Yes, you should stop lying OldMountainMan. Apparently there were actually 55.

Brigham Young’s Wives and
His Divorce From Ann Eliza Webb

In 1868 Brigham Young, at age sixty-seven, married Ann Eliza Webb, an attractive twenty-four year old divorcee with two children. Young had already married dozens of other women. LDS scholar Jeffery Johnson, writing on Brigham Young and his wives, explained:

“Sixteen women gave birth to Brigham Young’s fifty-seven children; Emmeline Free had ten; six wives had only one child. The oldest child, Elizabeth Young Ellsworth, was fifty-two at Brigham’s death and the youngest, Fannie Young Clayton, was seven. Eleven of the sixteen women survived him. None of the women who bore him children canceled their sealings or remarried....

“The first documented divorce was from Mary Woodward on 13 December 1846, his wife of less than a year. In a brief but warm letter that day, he wrote: “In answer to your letter of yesterday, the 12 inst; I will say, you may consider yourself discharged from me and my counsel” and added that he would be glad to help her if she and her children were ever hungry (Brigham Young papers).

“Divorce records are sketchy for the emigration period, but two women who had been sealed to him in the Nauvoo Temple left him then to marry other men. ...

“On 18 June 1851 Mary Ann Clark Powers wrote from Kanesville, Iowa: “I wish you to release me from all engagements with you for time and eternity....” (Brigham Young papers). This request was granted.

“After the Church began recording divorces in 1851, Mary Ann Turley and Mary Jane Bigelow obtained divorces in 1851, Eliza Babcock in 1853, and Elizabeth Fairchild in 1855 (Divorce Certificates, Brigham Young papers). They were under twenty when they married Brigham Young and had never become part of his household. They all remarried; and Mary Jane, Eliza, and Elizabeth remained in Utah. “Almost twenty years later in 1873, Ann Eliza Webb applied for a civil divorce. The case came to trial in 1875, and the court ordered Brigham to pay $500 per month allowance and $3,000 court costs. When he refused, he was fined $25 and sentenced to a day in prison for contempt of court (Arrington 1985, 373). There is no record of application for a Church divorce, but she was excommunicated 10 October 1874 and devoted much of the rest of her life to publishing her somewhat sensational memoirs and giving anti-Mormon lectures.

“Twenty-one of Brigham Young’s fifty-five wives had never been married, six were separated or divorced from their husbands, sixteen were widows, and six had living husbands from whom divorces had apparently not been obtained. Marital information is unavailable for six.

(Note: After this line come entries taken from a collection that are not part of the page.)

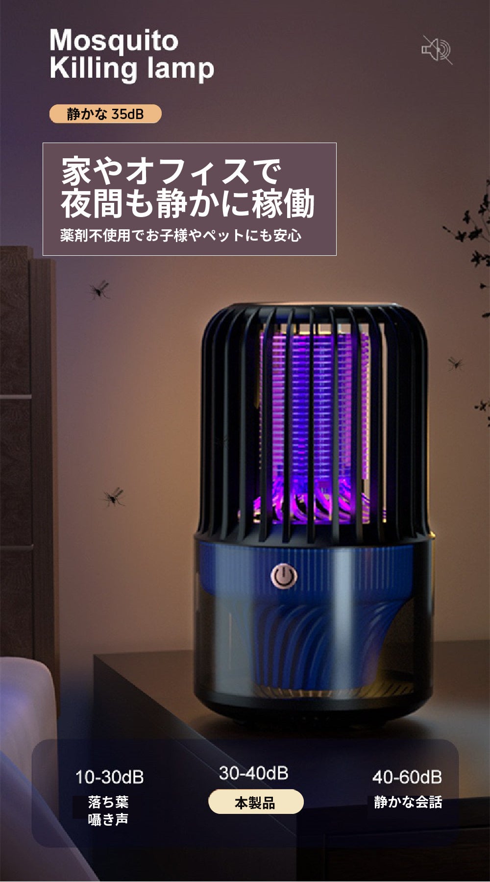子供やペットに/夜間やオフィスでも使える静音設計35dB/USB充電式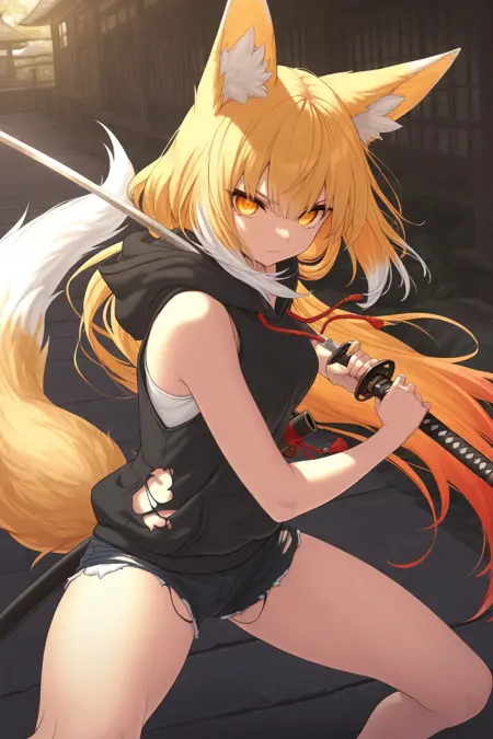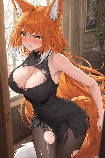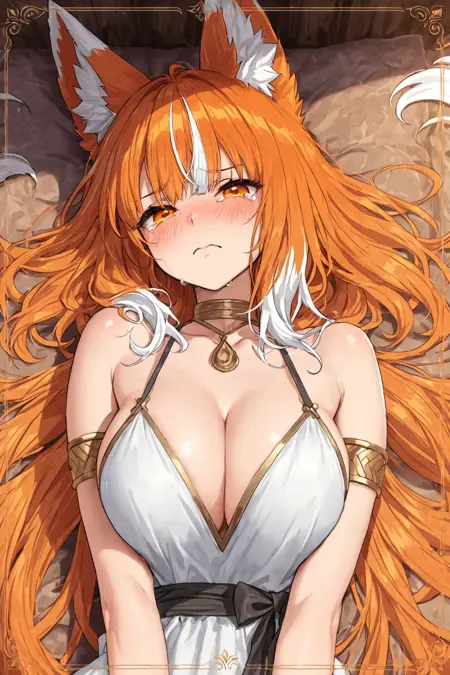 Orreti, orange hair, long hair, bangs, fox ears, fox tail, white hair tips, orange eyes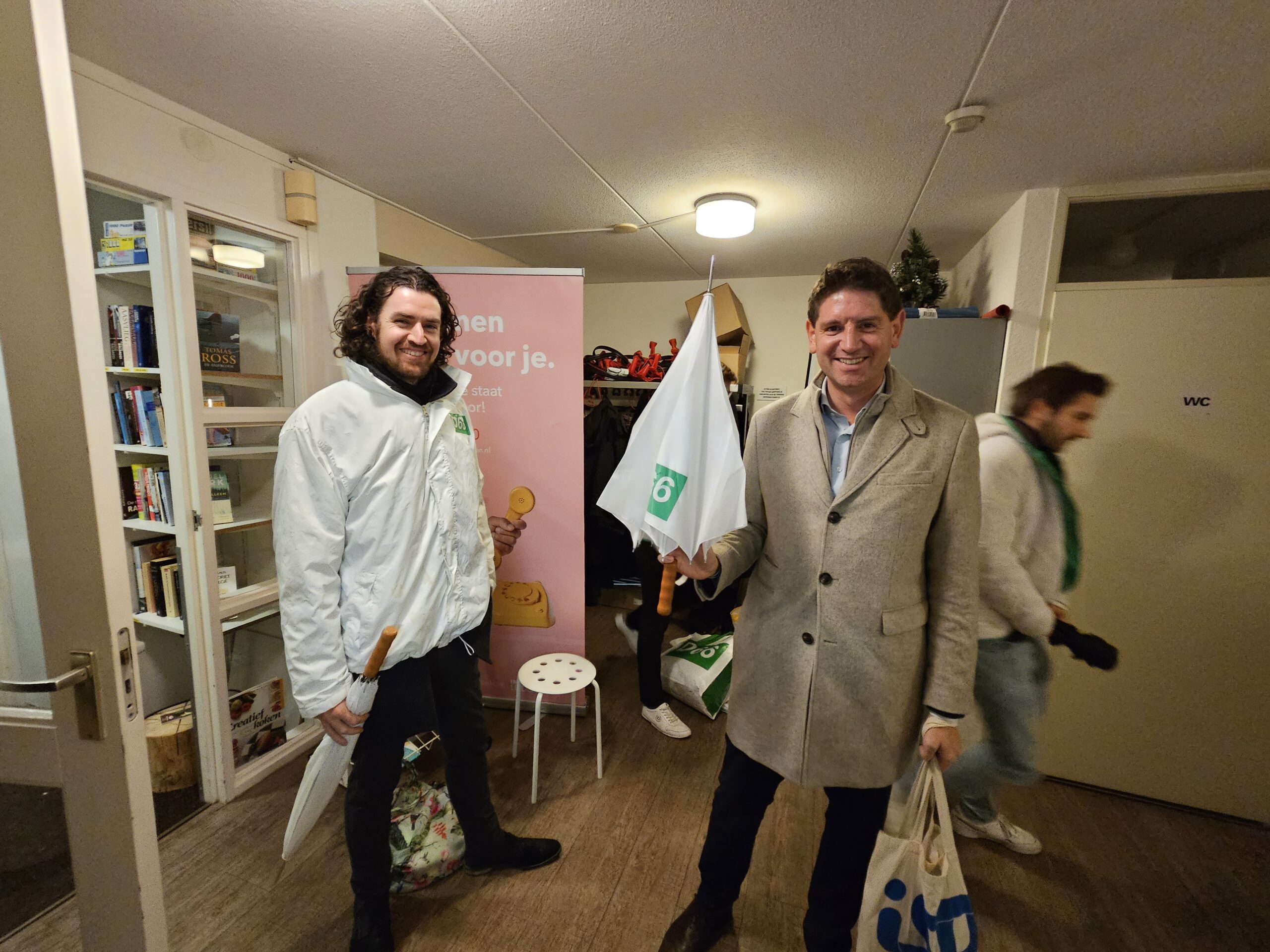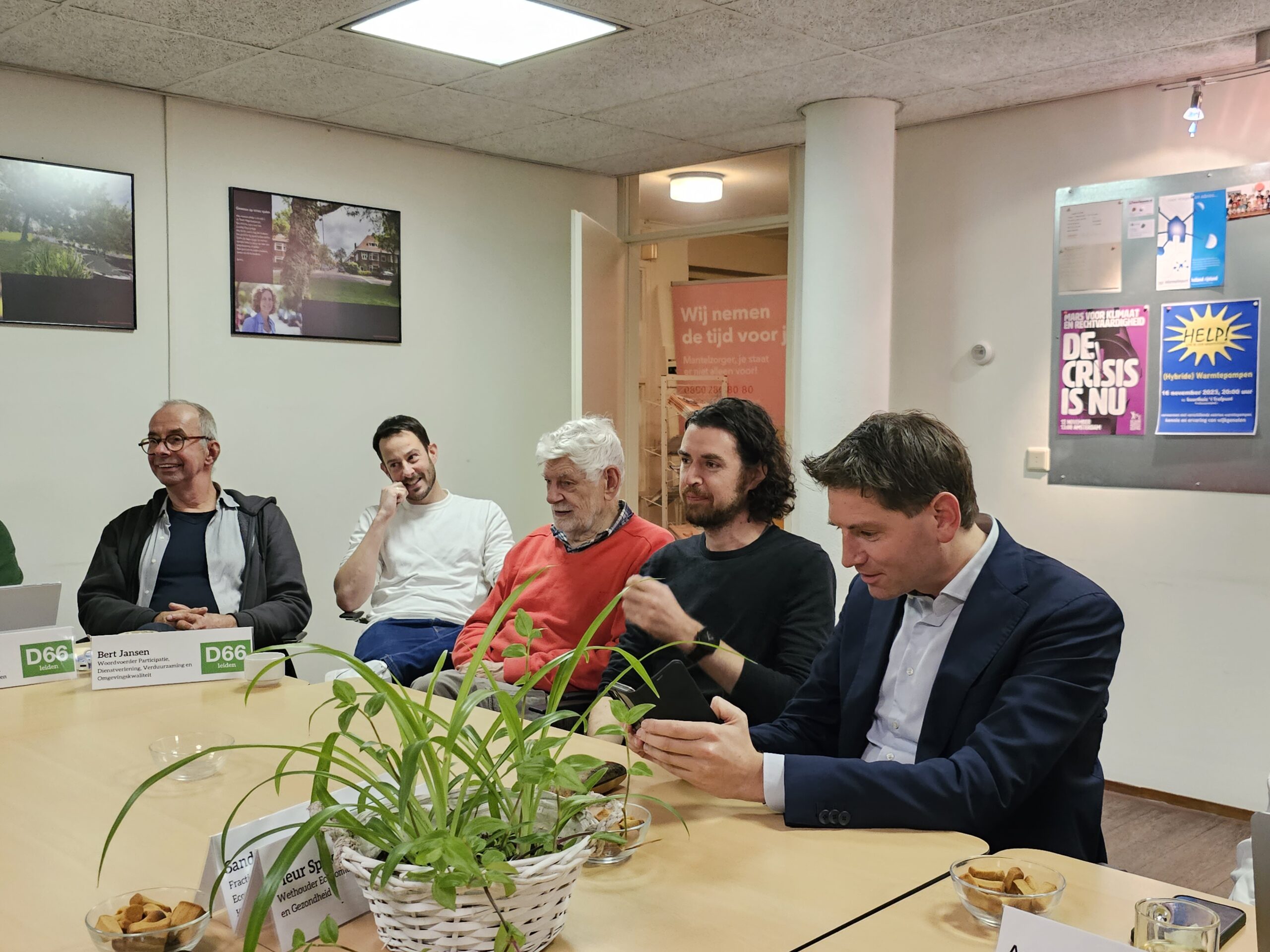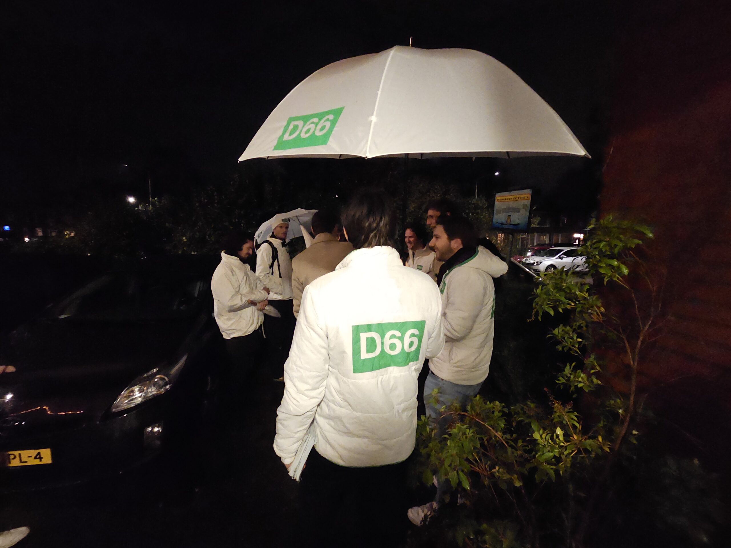 In buurthuis ‘t Trefpunt aan het Professorenpad schoven dit keer niet alleen buurtbewoners aan, maar omdat het campagnetijd is, ook Tweede Kamerlid Jan Paternotte. De nummer 2 van D66 heeft in de wijk gewoond en komt er ook nu nog vaak. “Mijn dochter zit hier op school.” Daarom kwam hij uit eigen ervaring ook nog met een suggestie voor zijn lokale partijgenoten. “Een flinke schoolzone waar niet zoveel auto’s rijden zou wel fijn zijn.” Na de vergadering ging Paternotte gewapend met paraplu in de wijk langs de deuren om in gesprek te gaan met bewoners.

“From a twentieth-century perspective, the polyandrous marriages seem most problematic. Three of these women (Mary Ann Clark Powers, Mary Elizabeth Rollins Lightner, and Hannah Tapfield King) were married to non-Mormons, which meant, according to the theological understanding of the times, that their salvation could not be assured. Mary Ann Clark Powers, married to Brigham Young 15 January 1845, later said she had not “bin a wife to” Powers after the sealing and expressed relief when Powers went to California. She received a divorce from Brigham Young in 1851 (Powers toYoung, 18 June 1851, Brigham Young papers).” (Dialogue: A Journal of Mormon Thought, (”Defining ‘Wife’: The Brigham Young Households,” by Jeffrey Johnson, 1987, Vol. 20, No. 3, p.62-63)


312 posted on 04/23/2008 10:02:59 PM PDT by FastCoyote (I am intolerant of the intolerable.)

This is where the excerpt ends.